■ WHAT THE EXERCISE ASKS: An exact reproduction of the listing is wanted, with the pictures dropped.

▽

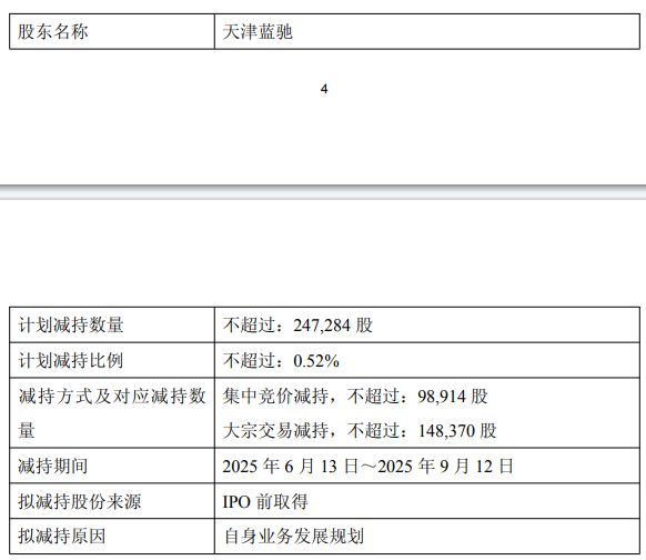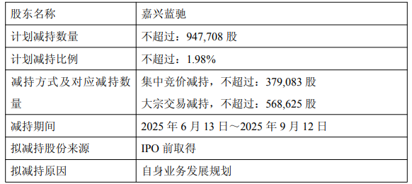 嘉兴蓝驰、天津蓝驰根据自身业务发展规划,计划通过集中竞价及大宗交易 方式减持其持有的公司股份合计不超过1,194,992股,减持比例不超过公司总股本的2.50%。其中:拟通过集中竞价方式减持不超过477,997股,即不超过公司总股本的1.00%,自减持股份计划公告披露之日起15个交易日后的3个月内进行,且任意连续90日减持股份总数不超过公司总股本的1.00%;拟通过大宗交易方式减持不超过716,995股,即不得超过公司总股本的1.50%,自减持股份计划公告披露之日起15个交易日后的3个月内进行,且任意连续90日减持股份总数不超过公司总股本的2.00%。
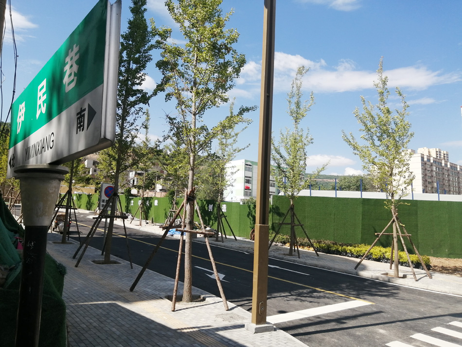 据负责现场绿化的天水卓立园林景观工程公司陶宝福介绍,伊民巷道路两侧共栽植了31株银杏树,胸径为16-20厘米。绿化带将栽植花灌木41株,红叶石楠等约500平方米,目前,正在加紧栽植,计划在26日全部完工。
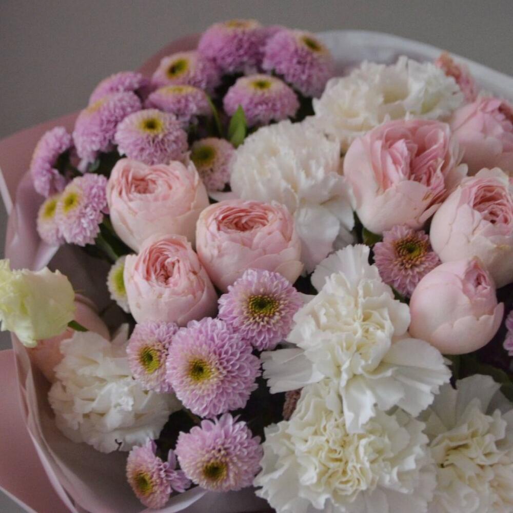Кустовые розы, Лизиантусы, Пионы, Розы, Хризантемы
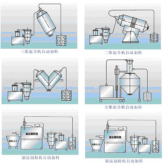 该机是粉状料、粒状料、粉粒料混合料的真空输送设备。真空上料机能自动地将各种物料输送到包装机、注塑机、粉碎机等设备的料斗中,也能直接把混合的物料输送到混合机(如V型混合机、二维混合机、三维混合机等)中,减轻了工人劳动强度,解决了加料时粉尘外溢等问题,是制药厂、食品厂通过认证、促进清洁、文明生产的设备。
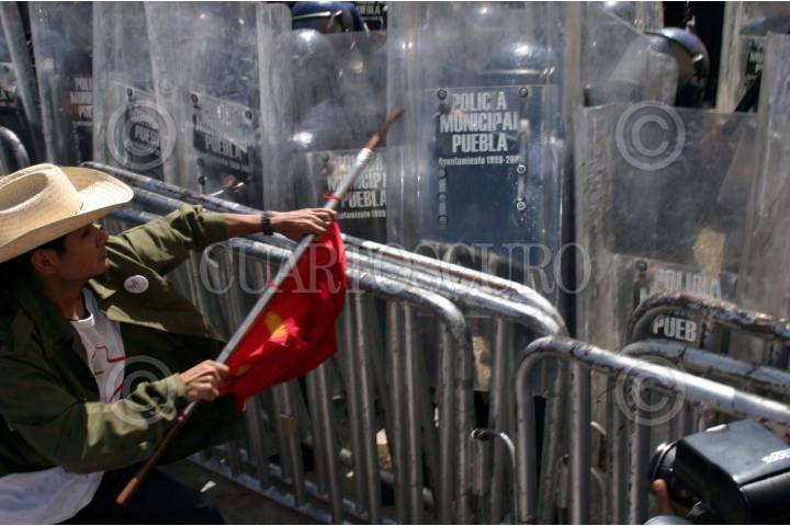 Puebla, Puebla 05 FEBRERO 2004.- Un joven activista intenta pasar la fila de granaderos, que protegían las instalaciones del centro de convenciones. Diversas organizacion sociales que se oponen al libre comercio se manifestaron contra la reunión viceministerial del ALCA. FOTO: Moisés Pablo/CUARTOSCURO.COM

△

■ PROBLEM SOLUTION:
 嘉兴蓝驰、天津蓝驰根据自身业务发展规划,计划通过集中竞价及大宗交易 方式减持其持有的公司股份合计不超过1,194,992股,减持比例不超过公司总股本的2.50%。其中:拟通过集中竞价方式减持不超过477,997股,即不超过公司总股本的1.00%,自减持股份计划公告披露之日起15个交易日后的3个月内进行,且任意连续90日减持股份总数不超过公司总股本的1.00%;拟通过大宗交易方式减持不超过716,995股,即不得超过公司总股本的1.50%,自减持股份计划公告披露之日起15个交易日后的3个月内进行,且任意连续90日减持股份总数不超过公司总股本的2.00%。
 据负责现场绿化的天水卓立园林景观工程公司陶宝福介绍,伊民巷道路两侧共栽植了31株银杏树,胸径为16-20厘米。绿化带将栽植花灌木41株,红叶石楠等约500平方米,目前,正在加紧栽植,计划在26日全部完工。
Кустовые розы, Лизиантусы, Пионы, Розы, Хризантемы
 该机是粉状料、粒状料、粉粒料混合料的真空输送设备。真空上料机能自动地将各种物料输送到包装机、注塑机、粉碎机等设备的料斗中,也能直接把混合的物料输送到混合机(如V型混合机、二维混合机、三维混合机等)中,减轻了工人劳动强度,解决了加料时粉尘外溢等问题,是制药厂、食品厂通过认证、促进清洁、文明生产的设备。
 Puebla, Puebla 05 FEBRERO 2004.- Un joven activista intenta pasar la fila de granaderos, que protegían las instalaciones del centro de convenciones. Diversas organizacion sociales que se oponen al libre comercio se manifestaron contra la reunión viceministerial del ALCA. FOTO: Moisés Pablo/CUARTOSCURO.COM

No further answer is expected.